- _WORK ORDER_: The lines below, from the one holding "Very beautiful vintage" through the one holding "TIPP | Als PRIME-Mitglied", are to be restated word for word, with all images left out.

- _RECORD SET_:

══════════

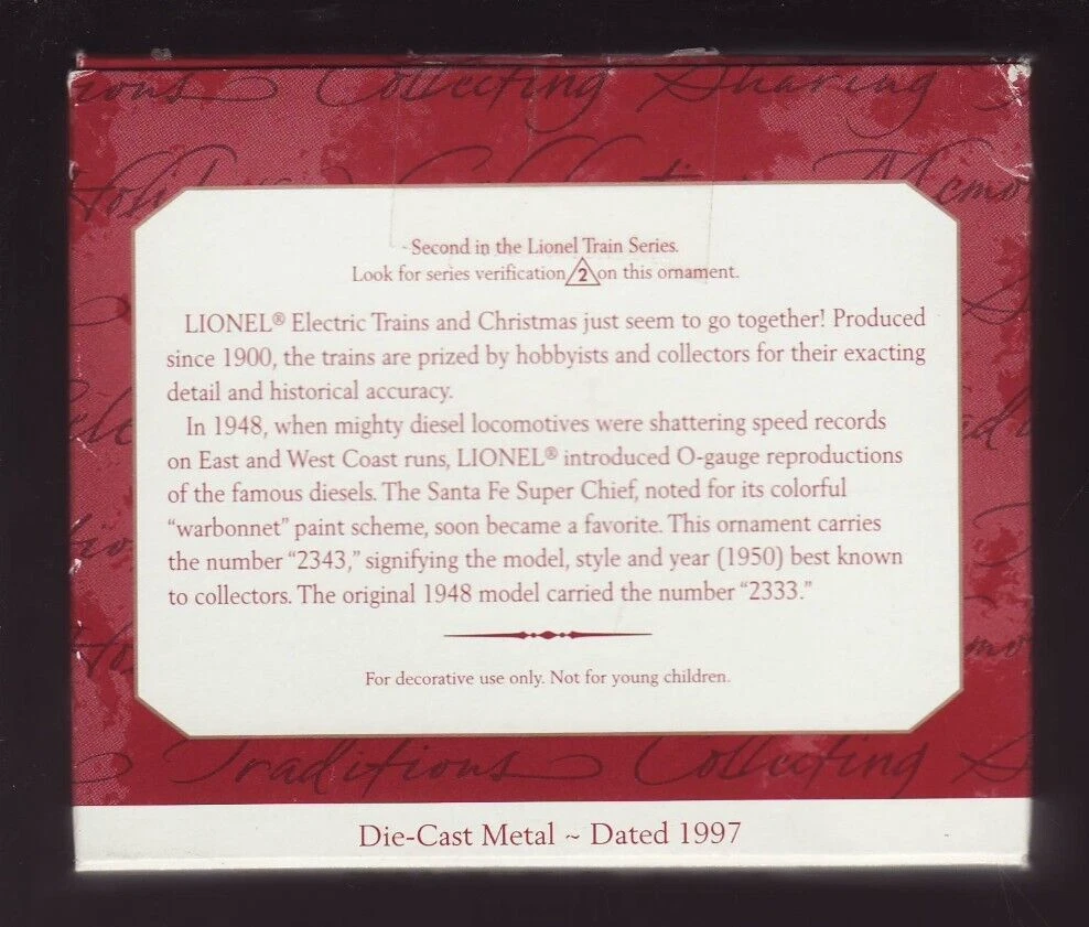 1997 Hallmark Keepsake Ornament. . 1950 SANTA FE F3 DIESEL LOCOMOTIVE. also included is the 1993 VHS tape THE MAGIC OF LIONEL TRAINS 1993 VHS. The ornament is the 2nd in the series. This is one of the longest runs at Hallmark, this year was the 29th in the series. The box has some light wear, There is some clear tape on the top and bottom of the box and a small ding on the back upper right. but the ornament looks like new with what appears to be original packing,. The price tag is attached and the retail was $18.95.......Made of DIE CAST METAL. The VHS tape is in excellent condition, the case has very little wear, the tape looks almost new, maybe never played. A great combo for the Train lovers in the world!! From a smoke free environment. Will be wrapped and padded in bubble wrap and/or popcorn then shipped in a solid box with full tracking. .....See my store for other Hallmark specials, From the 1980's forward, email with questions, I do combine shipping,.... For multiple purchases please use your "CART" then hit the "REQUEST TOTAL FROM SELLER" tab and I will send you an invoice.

══════════

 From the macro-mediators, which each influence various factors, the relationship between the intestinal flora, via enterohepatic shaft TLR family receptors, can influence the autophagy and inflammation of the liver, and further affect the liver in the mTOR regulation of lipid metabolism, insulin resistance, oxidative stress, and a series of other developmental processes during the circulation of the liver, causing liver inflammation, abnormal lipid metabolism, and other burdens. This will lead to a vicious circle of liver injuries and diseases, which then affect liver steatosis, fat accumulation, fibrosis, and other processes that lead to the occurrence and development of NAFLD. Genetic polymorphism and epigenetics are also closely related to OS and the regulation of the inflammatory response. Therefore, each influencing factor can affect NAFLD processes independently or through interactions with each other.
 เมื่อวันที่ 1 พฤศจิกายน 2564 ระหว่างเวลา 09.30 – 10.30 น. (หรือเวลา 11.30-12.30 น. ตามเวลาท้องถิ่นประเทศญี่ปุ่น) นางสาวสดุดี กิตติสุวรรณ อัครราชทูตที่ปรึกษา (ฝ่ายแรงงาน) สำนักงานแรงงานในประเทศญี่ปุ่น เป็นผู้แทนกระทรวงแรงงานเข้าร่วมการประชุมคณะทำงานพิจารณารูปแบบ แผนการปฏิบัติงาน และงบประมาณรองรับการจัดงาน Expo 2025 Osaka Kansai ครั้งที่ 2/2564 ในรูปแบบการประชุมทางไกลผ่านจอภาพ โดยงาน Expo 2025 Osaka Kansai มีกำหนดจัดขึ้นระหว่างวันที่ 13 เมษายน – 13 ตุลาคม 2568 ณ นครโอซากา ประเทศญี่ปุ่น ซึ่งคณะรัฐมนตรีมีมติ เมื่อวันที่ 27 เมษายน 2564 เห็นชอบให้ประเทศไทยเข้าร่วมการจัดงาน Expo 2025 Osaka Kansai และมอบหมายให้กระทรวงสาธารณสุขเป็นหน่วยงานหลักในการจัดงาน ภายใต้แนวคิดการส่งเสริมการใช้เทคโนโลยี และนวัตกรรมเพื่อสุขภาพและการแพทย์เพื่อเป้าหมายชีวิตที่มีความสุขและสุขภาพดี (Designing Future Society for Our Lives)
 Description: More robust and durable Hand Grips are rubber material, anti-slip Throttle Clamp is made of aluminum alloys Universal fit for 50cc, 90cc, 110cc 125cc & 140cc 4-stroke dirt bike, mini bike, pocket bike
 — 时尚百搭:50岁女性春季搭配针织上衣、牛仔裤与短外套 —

══════════

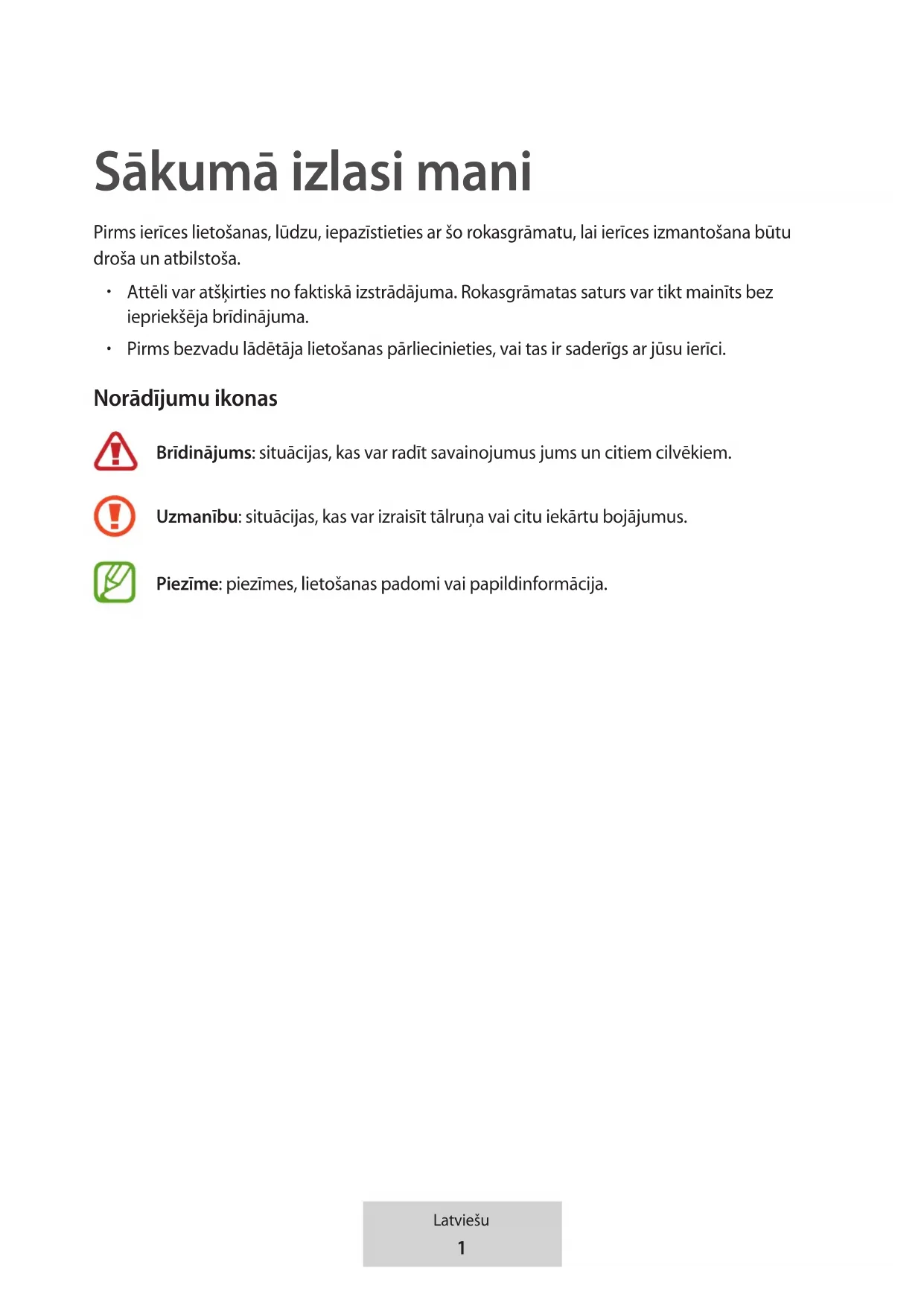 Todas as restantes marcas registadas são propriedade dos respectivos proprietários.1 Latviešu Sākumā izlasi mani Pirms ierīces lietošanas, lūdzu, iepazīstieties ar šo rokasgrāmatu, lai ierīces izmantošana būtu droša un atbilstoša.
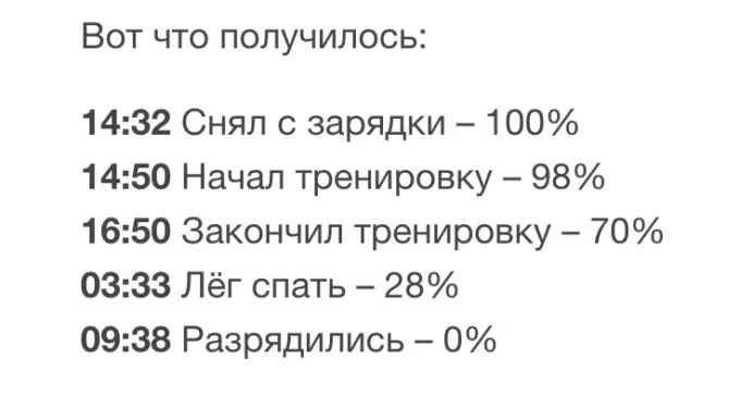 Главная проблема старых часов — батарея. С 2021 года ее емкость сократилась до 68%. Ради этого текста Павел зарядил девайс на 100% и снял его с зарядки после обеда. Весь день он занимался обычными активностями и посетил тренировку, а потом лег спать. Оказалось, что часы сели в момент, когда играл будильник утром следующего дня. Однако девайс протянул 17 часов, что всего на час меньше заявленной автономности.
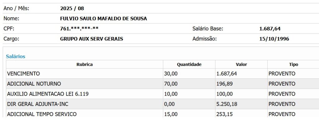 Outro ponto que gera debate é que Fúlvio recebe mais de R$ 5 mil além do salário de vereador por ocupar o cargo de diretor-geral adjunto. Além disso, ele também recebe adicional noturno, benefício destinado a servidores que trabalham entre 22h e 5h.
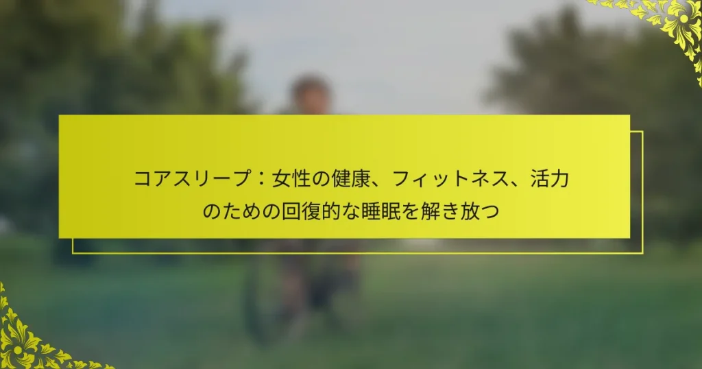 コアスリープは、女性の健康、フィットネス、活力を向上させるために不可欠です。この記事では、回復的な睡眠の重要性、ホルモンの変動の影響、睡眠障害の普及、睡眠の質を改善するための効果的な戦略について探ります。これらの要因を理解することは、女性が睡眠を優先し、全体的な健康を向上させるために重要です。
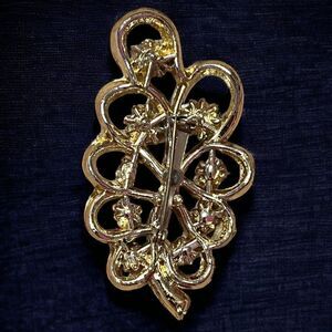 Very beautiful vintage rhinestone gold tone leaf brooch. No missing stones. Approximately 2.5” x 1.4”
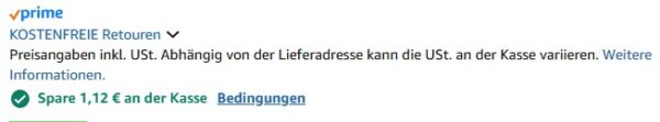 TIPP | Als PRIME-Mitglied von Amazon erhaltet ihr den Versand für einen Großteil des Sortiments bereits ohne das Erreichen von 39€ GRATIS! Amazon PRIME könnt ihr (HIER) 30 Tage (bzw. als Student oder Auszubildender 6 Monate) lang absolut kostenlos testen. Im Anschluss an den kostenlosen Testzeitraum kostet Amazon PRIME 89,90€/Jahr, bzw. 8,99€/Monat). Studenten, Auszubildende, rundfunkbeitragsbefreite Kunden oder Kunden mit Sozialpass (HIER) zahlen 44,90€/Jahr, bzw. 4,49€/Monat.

══════════

- _RESULT OF THE TASK_:
 Very beautiful vintage rhinestone gold tone leaf brooch. No missing stones. Approximately 2.5” x 1.4”
 TIPP | Als PRIME-Mitglied von Amazon erhaltet ihr den Versand für einen Großteil des Sortiments bereits ohne das Erreichen von 39€ GRATIS! Amazon PRIME könnt ihr (HIER) 30 Tage (bzw. als Student oder Auszubildender 6 Monate) lang absolut kostenlos testen. Im Anschluss an den kostenlosen Testzeitraum kostet Amazon PRIME 89,90€/Jahr, bzw. 8,99€/Monat). Studenten, Auszubildende, rundfunkbeitragsbefreite Kunden oder Kunden mit Sozialpass (HIER) zahlen 44,90€/Jahr, bzw. 4,49€/Monat.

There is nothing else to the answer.